How essential is it to put your food in bear boxes even if there aren’t any bears in the area? While bears can be a major concern, they’re not the only wild animals that pose a risk.
We see it all too often. Campers arrive after a long slog overs hills and rivers to finally reach home. In an effort to quench their thirst, they search for the water pump. As they rifle through their backpacks for a headlamp, snacks, granola bars, Ramen noodles, and gorp all spill onto the tent platform.
The scent of food from such a spill attracts local wildlife. As soon as the campers leave, mice, voles, gray jays, and squirrels follow the scent to feed on the scattered items. Resourceful creatures, they’ll even nibble little holes in the corner of nylon packs to get to the food.
Whether accidental or intentional, leaving food out for wildlife has become a problem.
We’ve all heard the saying “A fed bear is a dead bear.” But this ethos applies to all life in the animal kingdom. Fed animals aren’t as good foragers in the crucial winter months. When these foraging skills do not develop, animals become weaker and often end up succumbing to starvation or become prey. When we feed animals, it normalizes human contact and emboldens them to approach people. This habit can lead to deadly consequences.
Fed animals quickly realize that people mean food, not danger.
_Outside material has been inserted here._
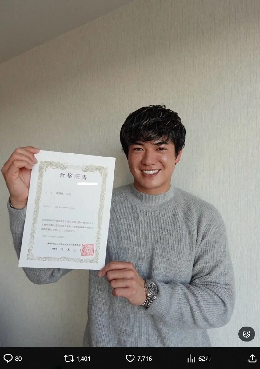 楽天の中継ぎ右腕・津留崎がSNSで「宅地建物取引士(宅建士)」の資格試験に合格したと合格証書を手に報告した。

Once conditioned to human food, animals will seek it out, creating conflicts with humans and putting them at risk of being killed to ensure public safety. In a larger context, we must remember that as recreationalists on public lands, we are guests: we should strive to leave these beautiful places wild and create as little impact as possible.
Today we’re experiencing an overpopulation of rodents for a variety of reasons. Climate change tops the list, as the harsh winters of the past, on average, have declined. The more severe conditions used to keep the smaller rodent populations in check. But this is no longer the case, and the populations have continued to grow.
Wildlife biologists have also noted an increase in seed production over the years, which is a main dietary component for many of these rodents. The abundance of seeds allows them to pack on extra pounds, contributing to their winter survival rate. These longer life cycles also allow for more breeding and more litters.
Once a mouse has gotten a delicious nibble they tend to hang around to see what else they might find. In shelters or platforms, this is concerning because of the risk of Hantavirus, which is contracted when people inhale remnants of mice feces or urine. The more food that is left in shelters, the higher the risk of infestation and infection.
At AMC backcountry campsites, we provide campers with food storage boxes that prevent these creatures from reaching food. We are excited to announce that a substantial grant from the Appalachian Trail Conservancy (with generous support from L.L. Bean Inc.) has allowed us to purchase another food storage box that will be placed at Guyot campsite. Without these boxes, our sites would be a hotbed for human-fed wildlife. Hanging your food properly in the White Mountains, especially at higher elevation, is nearly impossible. These boxes allow us to remain as guests in the woods, creating as little impact on our wild neighbors as possible.
Please remember to only share snacks with fellow human hikers and lock up your food properly when you’re not on the go. Happy trails!